Eight-year-old Melody was lamenting the fact that once Christmas was over, the local church wouldn’t be bringing food to her house until Easter. She asked, “What is Easter?”
My daughter explained that it’s the time of year we remember how Jesus died for our sins and rose again from the grave. Melody replied, “Oh yeah. Now I remember. He did that last year too!”

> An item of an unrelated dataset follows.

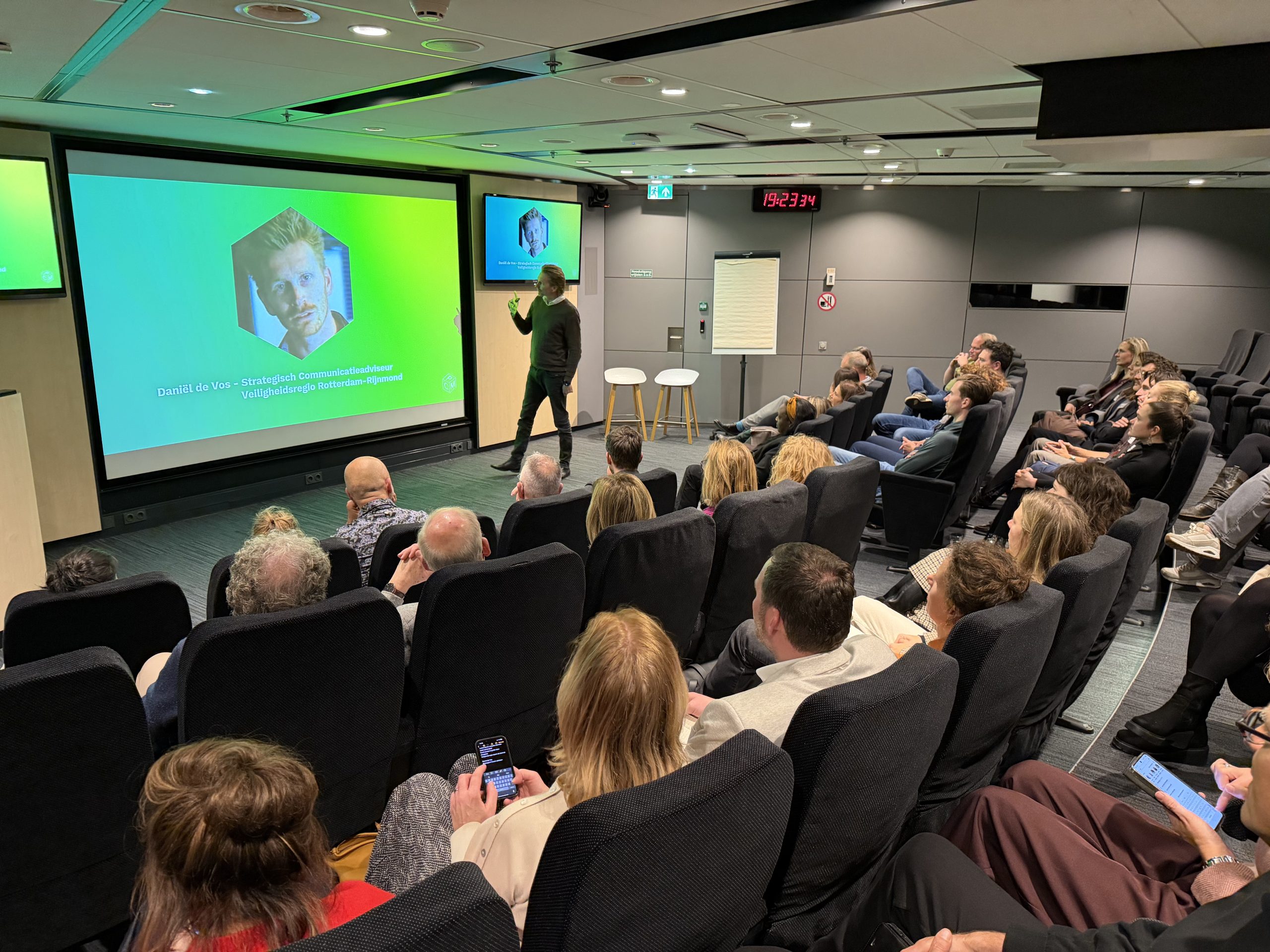 Na de praktijkervaringen rondom de Wereldhavendagen zoomde Daniël de Vos van de Veiligheidsregio Rotterdam-Rijnmond uit naar het grotere plaatje van risico- en crisiscommunicatie. Hij liet zien hoe de 1,3 miljoen inwoners in de regio worden geïnformeerd bij incidenten, welke sleutelbesluiten worden voorbereid voor grote evenementen, en hoe belangrijk het is om mensen tijdig aan te zetten tot actie. Met de bekroonde campagne “Download de meest rampzalige app ooit” liet hij bovendien zien hoe creatieve communicatie mensen bereikt en activeert: met stopping power én humor.

Years ago, on a hot, sticky Sunday afternoon, my wife and I made a visit to her parents, who resided in a nearby nursing home. I had changed into shorts (oh my!), but they were black (oh good!). We made an entrance into the home’s common room, which, as usual, was quite full. A certain Mrs. K accosted me and shouted, “Are you the dominee (minister)for today?” Somewhat nonplussed, I suddenly realized she was looking for the visiting preacher for that Sunday. I shook my head with a smile. But she was not done with me. Looking at my attire, she wagged her finger and cried, “Have you no respect for God’s Word?”
—Stan De Jong
My father-in-law is a truck driver. One Monday morning he picked up my 4-year-old nephew, Brian, in his big Peterbilt for a day of trucking together.
“Where are we going, Grandpa?” Brian asked, as he settled into his seat.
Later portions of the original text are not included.